중앙데일리

As women rise up the ladder their clothes send a message

Feb 20,2007
Photos by Kim Seong-ryong
omen in pants are coming. Being able to chose between pants or skirts is a privilege granted only to women ― except for Scottish lads in kilts. So a girl chooses either a skirt suit or a pantsuit. The upper piece of the pantsuit is called a tailored jacket because of its resemblance to a man’s suit jacket.
Women in pants were the dominant life form on the streets of America in the 1980’s. This reflected women’s social status at the time. Since then, however, formal attire has given way to more casual clothing. Jeans became almost acceptable as business wear and so women’s pantsuits rarely had an opportunity to get out of the wardrobe. Now, after some twenty years, pantsuits are back.
The popular television series “Sex and the City” featured four women, each with a distinctive sense of style. The short-haired, big shot lawyer Miranda sometimes wore pantsuits, which differentiated her from the other three girls. Carrie, the sex columnist, was in love with extravagant shoes and dresses. PR executive Samantha was the bold one who showed lots of skin, while Charlotte preferred reserved but elegant styles.
Although a career woman, Miranda only wore pantsuits sometimes. She did not insist on it. As a matter of fact, the four New Yorkers were overwhelmingly in favor of skirts. Since they were the style icons for trendy and fashionable people worldwide, skirts were pretty much the in thing, at least between 1998 and 2004 when the show was in production.
The revival of tailored jackets began with last year’s 2007 spring-summer collections.
Designer Yohji Yamamoto showed off a tuxedo-like jacket as his No. 1 choice for his Paris Collection.
Ann Demeulemeester and Stella McCartney came to Paris at the same time with masculine women’s suits and long dress jackets that cover the thighs.
The fashion industry is definitely turning towards a more masculine line.

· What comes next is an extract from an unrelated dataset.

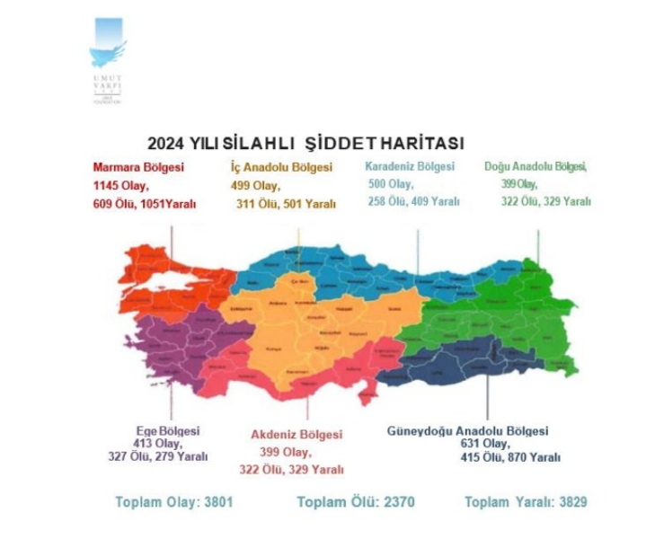 Bireysel silahlanma ile mücadele amacıyla oğlu da silahlı bir saldırıda hayatını kaybeden Nazire Dedeman tarafından kurulan Umut Vakfı'nın 2024 Yılı Şiddet Haritası verilerine göre, Türkiye genelinde, 3 bin 801 olay basına yansıdı. Bu 3 bin 801 olayda, 2 bin 370 kişi öldürüldü, 3 bin 829 kişi de yaralandı.

Even the very feminine French designer Sonia Rykiel, whose shows are usually full of flowers and lace, unveiled pantsuits that emphasized shoulders and minimized hips. Theory, a brand imported and retailed by Cheil Industries, also focused on women’s pantsuits for this spring.
More affordable brands have also joined this flow. Hirst, originally a casual brand, launched a pantsuit line this spring, as did Codes Combine, YK038 and Jessi New York.

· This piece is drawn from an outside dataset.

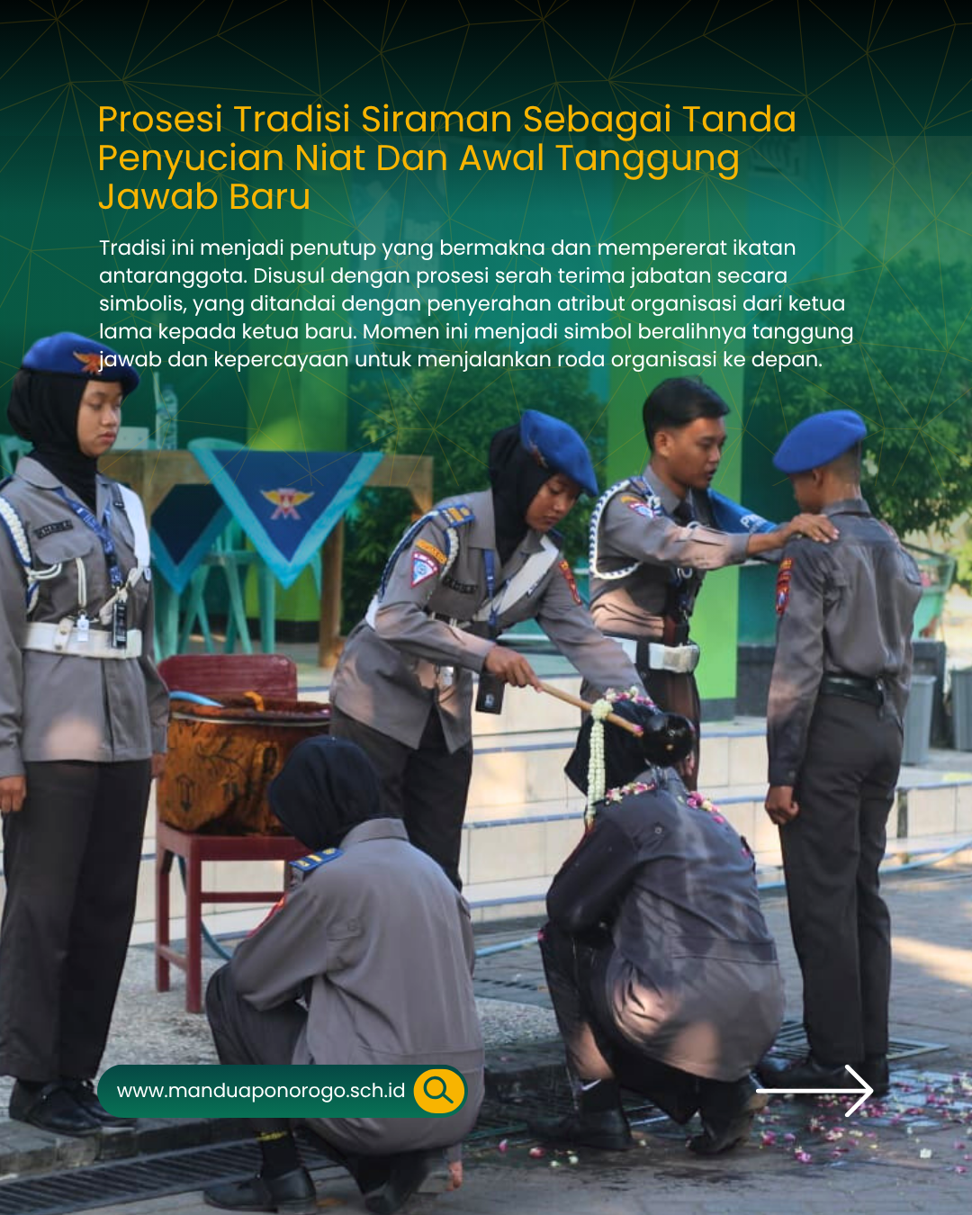 Kegiatan tersebut diawali dengan sambutan oleh Bapak Arif Rahman Hakim, S.Pd., selaku pembina PKS. Dilanjutkan dengan prosesi tradisi siraman sebagai tanda penyucian niat dan awal Tanggung Jawab baru. Tradisi ini menjadi penutup yang bermakna untuk mempererat ikatan antar anggota. Disusul dengan prosesi serah terima jabatan secara simbolis, yang ditandai dengan penyerahan atribut organisasi dari ketua lama kepada ketua baru. Momen ini menjadi simbol beralihnya tanggung jawab dan kepercayaan untuk menjalankan roda organisasi ke depan.

Some fashion experts say the return of the pantsuit is all about career women making a statement about their right to be fashionable
The fashion journalist Toby Fischer-Mirkin observed in his book “Dress Code” that woman in suits and ties without any feminine accessories send the message, “I can compete with any man.”

Photos by Kim Seong-ryong
The resurgence of the tailored jacket is not irrelevant to this analysis, and the increasing number of women with professional jobs probably strengthens the trend. Recent research by the National Statistical Office showed that 70 percent of newly created professional job openings were filled by women last year.
Fun Wear International’s marketing manager Seo Yeon-jeong comments, “It would be going too far to say that the virility in women’s clothing this season is ‘women challenging men,’ but it certainly is a reflection of changes in gender status in society.”
The fashion industry now concentrates on the consumer power of women. A survey of 100 distribution industry experts conducted by the Korea Chamber of Commerce in 2005 showed that 92.3 percent believed women to be the more influential consumer group, compared to men (7.7 percent). As for age groups, women in their 30s (61.5 percent) were thought to be far more significant than the women in their 20s (26.2 percent). With pantsuits, the fashion industry has given women in their 30s exactly what they want.
A pantsuit does not have to be stale and stereotyped. A simple touch can lighten up a dull suit, and this season’s pantsuits are doing just that.
Jacket sleeves or necklines detailed with lace and ruffles give a feminine polish to the rigid pantsuit. Moon Keun-young’s simple jacket with a ruffle-neck inner blouse in the movie “Love Me Not” is the perfect example.
A balanced combination of fancy and plain is also important. To a flower patterned pantsuit, try matching a low v-neck knit. This will give the outfit an adequate mixture of masculinity and femininity.
Layering is another good way of softening down. An above-the-waist black jacket over a shirt that covers the hips with jeans will be a fashionable application of the tailored jacket.